Pernah Rasulallah saw bersabda kepada al-Qaith bin Shabrah: “Sempurnahkanlah wudhu’ dan cucilah selah-selah jari-jari” (HR Abu Dawud dan at-Tirmidzi dengan sanad shahih)

10. Mendahulukan yang kanan sebelum yang kiri.

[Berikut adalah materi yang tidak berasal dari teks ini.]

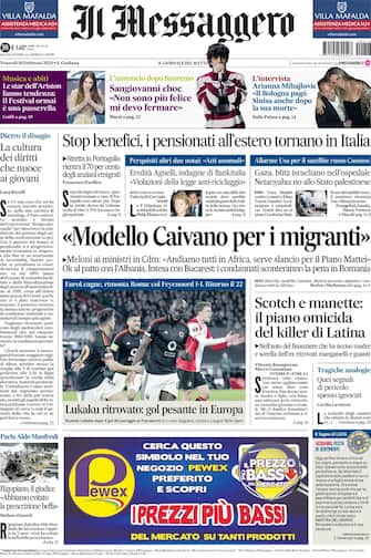 - "Modello Caivano per i migranti" è il titolo in prima pagina. Meloni ai ministri in Cdm: "Andiamo tutti in Africa, serve slancio per il Piano Mattei". Ok al patto con l'Albania, intesa con Bucarest: i condannati sconteranno la pena in Romania. In alto: "Stop benefici, i pensionati all'esterno tornano in Italia. Stretta in Portogallo, rientra il 70% degli anziani emigrati". Spazio anche al calcio, con il pareggio della Roma contro il Feyenoord nell'andata dei playoff di Europa League

عَنْ عَائِشَةَ رَضِيَ اللهُ عَنْهُا قَالَتْ : كَانَ رَسُوْلُ اللهِ صَلَّى اللهُ عَلَيْهِ وَآلِهِ وَسَلَّمَ يُعْجِبُهُ التَيَمُّنُ في شأنِهِ كلّهِ في طهُوْرِِهِ و تَرَجُّلِهِ و تَنَعُّلِهِ (رواه الشيخان) .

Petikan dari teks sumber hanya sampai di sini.